2.5 KEGG path analysis
The 158 potential targets were mapped to the database for KEGG path agglus rich analysis, and a total of 113 signal paths were obtained. By screening KEGG rich analysis P≤0.000001, FRD<0.001 screened out a total of 29 signal pathways of major richness of key targets, which are closely related to the mechanism of the role of red dragon bile against pneumonia, including Pathways In cancer, Bradder cancer, Hepatitis B, TNF signaling pathway, Prostate cancer and Non-small cell lung cancer, etc., are associated with treatments such as bladder cancer, liver cancer, prostate cancer, etc., and the first 20 pathways with significant differences are output in the form of bar charts, as shown in Figure 5.

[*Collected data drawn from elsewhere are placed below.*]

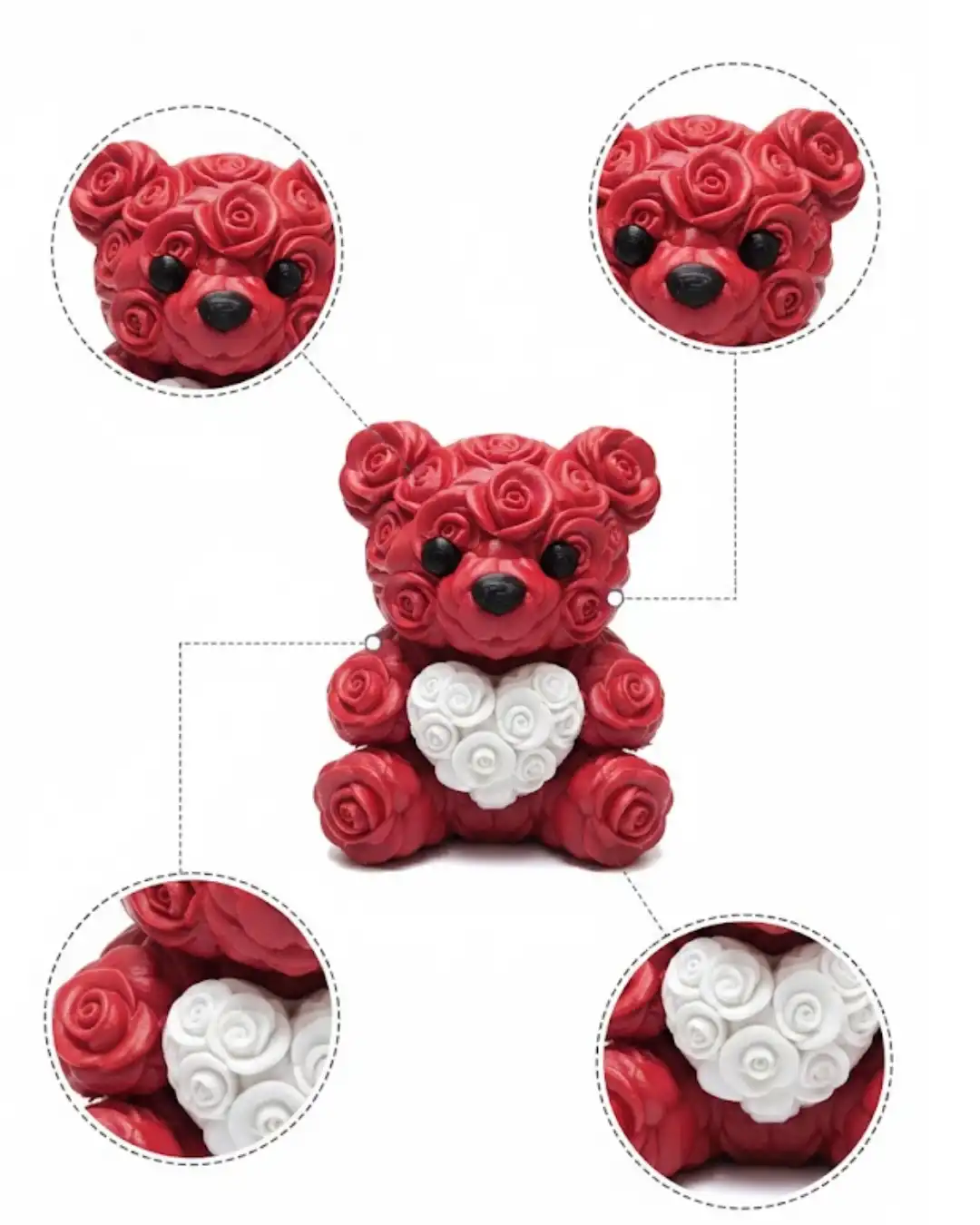 Romantik tasarımıyla öne çıkan 3D kalp ayıcık, 10 cm kompakt ölçüsü ile her alana uyum sağlar. Gül desenli yüzey yapısı ürüne es bir görünüm kazandırır.Sevgi temalı dekor arayanlar için ideal bir tercihtir.
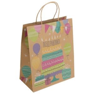Пакет подарочный крафт l,с днем рождения,140 гр/м2 ЧУДО ПРАЗДНИК
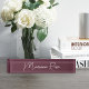 Elegant desk nameplate features your name, title, or choice of personalisation in white hand lettered cursive lettering on a burgundy wine plum background.
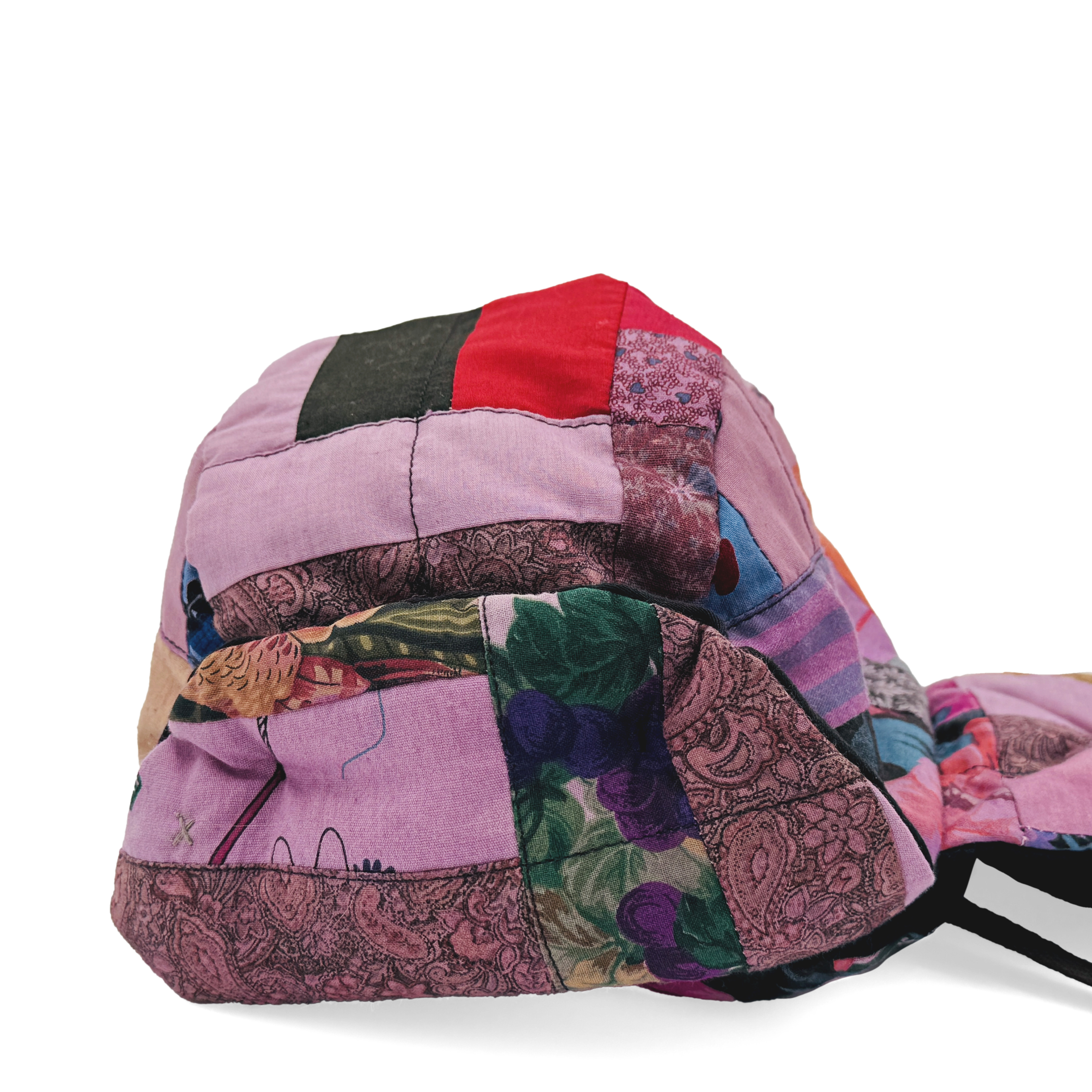 Upcycled nylon shell and brim with pieced front panel and brim and cotton lining.  Adjustable vinyl d-ring strap.  Wash cold and air dry flat.

Using Cytoscape 3.6.1 software, 158 common genes, diseases and 6 active ingredients were visualized and analyzed to create an interactive network of serum gallblades against pneumonia. After screening out the corresponding interactive proteins and visualizing them with different color and shape graphs, the network relationship between the active chemical composition and the target can be seen intuitively. The results can be seen in Figure 6.